TASK PROMPT :: An exact reproduction of the data below is expected, free of images.

COLLECTED DATA ::
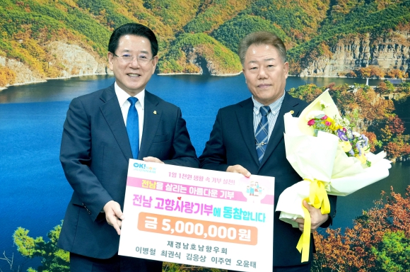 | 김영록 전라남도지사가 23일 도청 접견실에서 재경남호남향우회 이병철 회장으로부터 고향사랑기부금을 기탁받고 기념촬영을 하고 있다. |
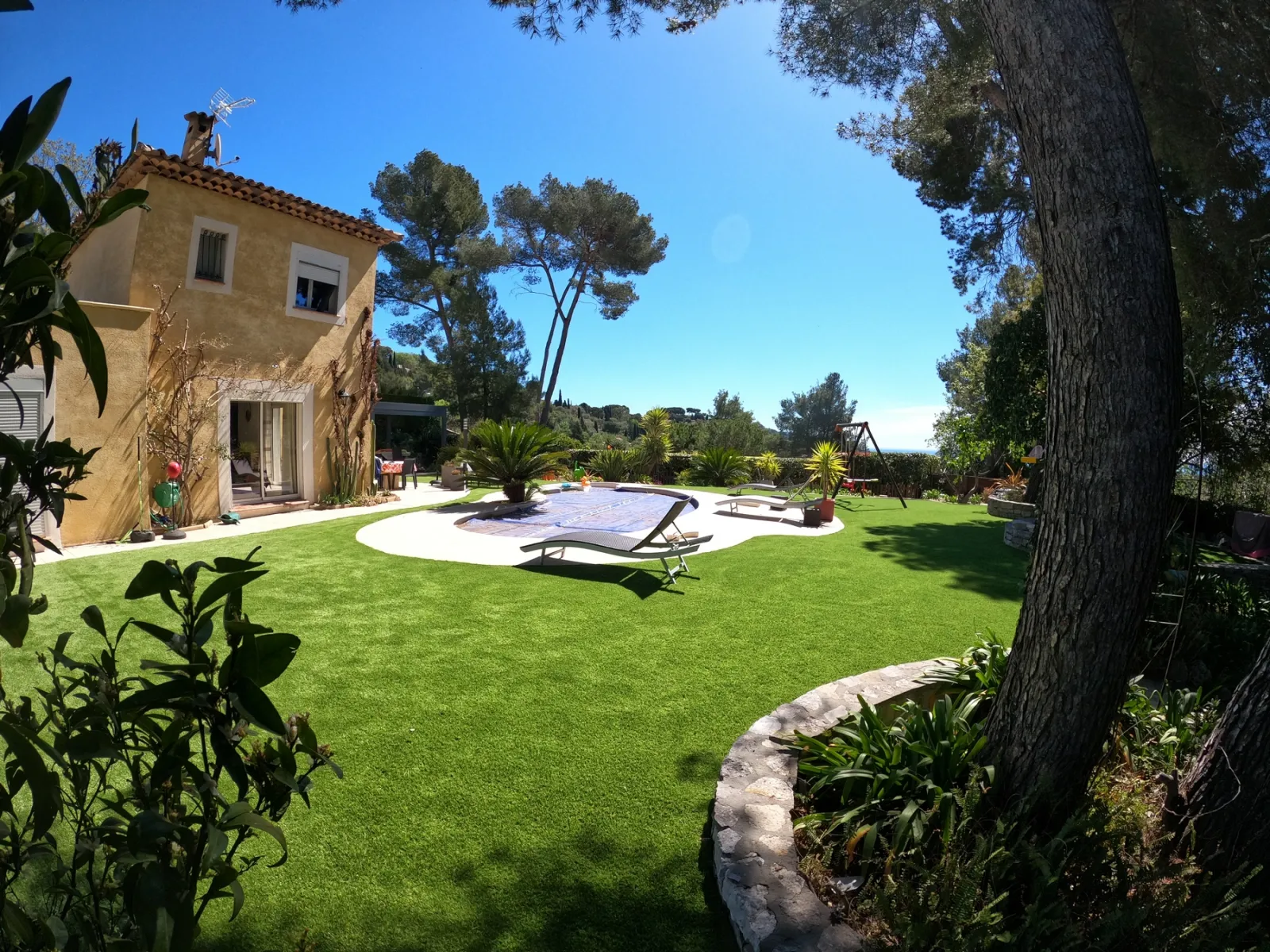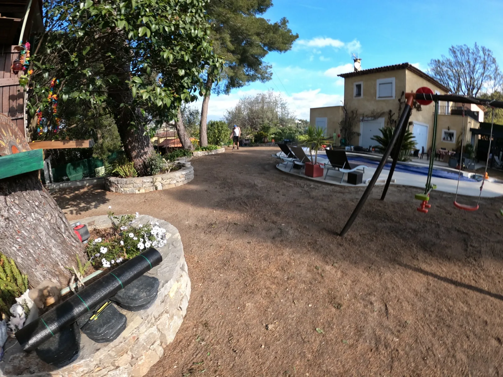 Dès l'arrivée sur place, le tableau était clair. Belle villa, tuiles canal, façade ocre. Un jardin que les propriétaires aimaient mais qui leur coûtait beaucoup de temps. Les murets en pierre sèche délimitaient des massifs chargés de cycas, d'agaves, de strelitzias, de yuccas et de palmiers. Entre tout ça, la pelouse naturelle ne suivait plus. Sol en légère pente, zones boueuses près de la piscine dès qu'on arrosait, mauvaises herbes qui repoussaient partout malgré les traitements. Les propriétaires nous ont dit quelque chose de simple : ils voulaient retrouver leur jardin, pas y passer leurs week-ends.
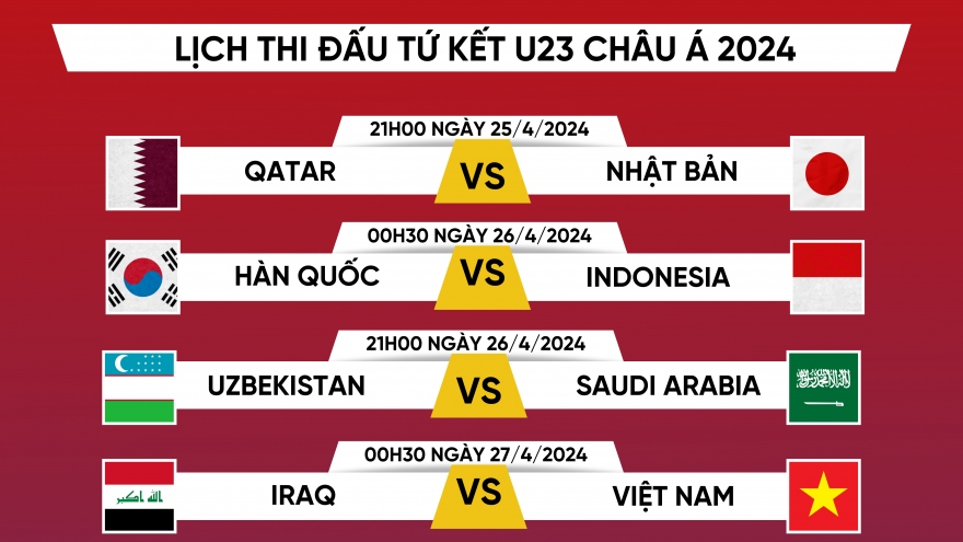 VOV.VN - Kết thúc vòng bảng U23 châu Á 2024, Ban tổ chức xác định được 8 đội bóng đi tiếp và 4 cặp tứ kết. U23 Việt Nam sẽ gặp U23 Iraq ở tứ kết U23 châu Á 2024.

SOLUTION TO THIS PROBLEM ::
 | 김영록 전라남도지사가 23일 도청 접견실에서 재경남호남향우회 이병철 회장으로부터 고향사랑기부금을 기탁받고 기념촬영을 하고 있다. |
 Dès l'arrivée sur place, le tableau était clair. Belle villa, tuiles canal, façade ocre. Un jardin que les propriétaires aimaient mais qui leur coûtait beaucoup de temps. Les murets en pierre sèche délimitaient des massifs chargés de cycas, d'agaves, de strelitzias, de yuccas et de palmiers. Entre tout ça, la pelouse naturelle ne suivait plus. Sol en légère pente, zones boueuses près de la piscine dès qu'on arrosait, mauvaises herbes qui repoussaient partout malgré les traitements. Les propriétaires nous ont dit quelque chose de simple : ils voulaient retrouver leur jardin, pas y passer leurs week-ends.
 VOV.VN - Kết thúc vòng bảng U23 châu Á 2024, Ban tổ chức xác định được 8 đội bóng đi tiếp và 4 cặp tứ kết. U23 Việt Nam sẽ gặp U23 Iraq ở tứ kết U23 châu Á 2024.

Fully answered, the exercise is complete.